Y es que nuevos dogmas sustituyen a los antiguos o se disfrazan de gatopardo para que todo siga más o menos igual. Dios contrata como profesor asociado a los Mercados (El último contrato se llama Bolonia) mientras “los refugiados” sangran el estigma de los pecados ajenos.
Sin embargo, el estudiante, sea cual sea su “escuela”, siempre ha sentido la necesidad de rebelarse contra el dogmatismo.
Y siempre han habido “gotas que han colmado el vaso” sacándonos de ese letargo aprehendido bajo el catecismo de las once varas. Ahora llueve en la frontera de Europa.

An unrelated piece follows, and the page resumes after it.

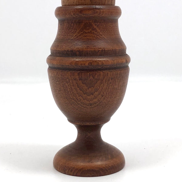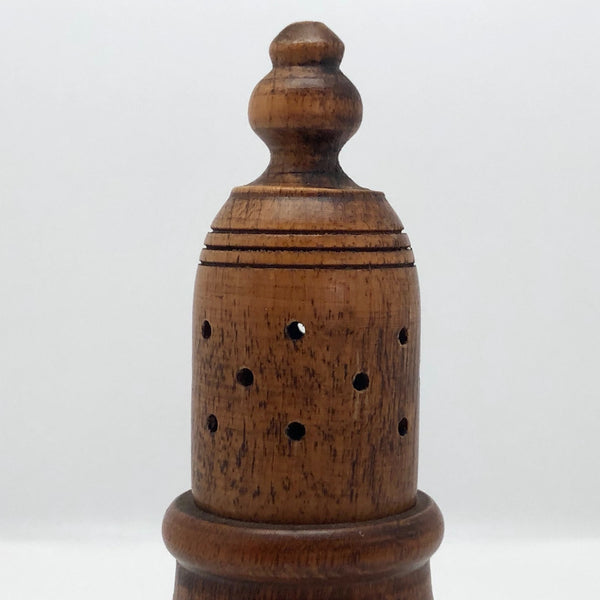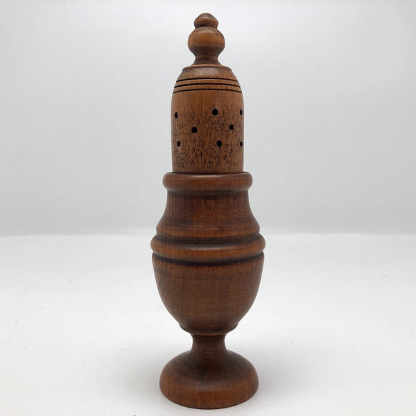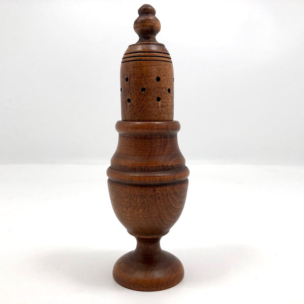 I have found what appears to be an exact match of this treen Georgian style salt shaker described as 18th Century Colonial (and which sold at auction, with a matching pepper shaker, for $750.) I am not sure this piece is that old-- I think perhaps mid- to late-19th century--but certainly it is very finely made, lathe turned, of a beautiful hardwood. I have also found "muffineers" of the same style, used for sprinkling cinnamon or sugar on muffins; I believe those are distinguished by an even denser pattern of holes, but surely this could be used for that as well!

Así, durante el franquismo, una de tantas, fue la condena de cárcel a Sánchez Albornoz y Manuel Lamana, acusados de pintar en la fachada de la facultad de Filosofía un lema imborrable -escrito con nitrato de plata- que decía “¡Viva La Universidad Libre! ¡Abajo el fascismo! ¡Libertad!”.
O el intento del régimen de apropiarse de la figura de Ortega y Gasset, tras su muerte en octubre de 1955, cuya respuesta evidenció la existencia de un movimiento estudiantil vivo y activo capaz de ir más allá del Título de Licenciado.
Décadas de estado del bienestar, como distopía auto-cumplida de democracia liberal, fueron perfilando, a golpe de términos como tasa de paro juvenil, especialización, competitividad, liberalización del mercado laboral, entre otras, ese “sé práctica y estudia algo con salida”. ¿Hacia dónde? …
Atrás quedarían el No a la OTAN y el posterior NO a la Guerra, todos ellos resucitados en un 15M nostálgico de un pasado que quizás nunca existió como lo habíamos imaginado, pero que buscaba, a su manera, decir otra vez abajo el fascismo, -se vista como se vista-, frente a esa dictadura de los mercados contra la que cuesta más rebelarse, porque no se ve tan nítida como la figura del caudillo.
Es la fotografía de nuestros días desenfocada por el “selfie” de un atentando a las puertas de un libro-cara en el que “compartir” es cada vez más sinónimo de “vender”.
Pero el “eterno estudiante” no se da por vencido, y aún hay quien se niega a verse reducido a memorizador y ejecutor de datos, como si de una aplicación más del móvil se tratara. Porque, sin olvidar que “preguntar no es delito”, levantar la voz por quienes se le ha sido negada, es más necesario que nunca. Es, cuando menos, una de las once varas donde meterse.
El grupo de Pasaje Seguro surgido en la UC es esa parte irrenunciable de la universidad que aún cree posible albergar conocimiento, saber y espíritu crítico y así evitar convertirnos en meros “emoticonos”. Gracias.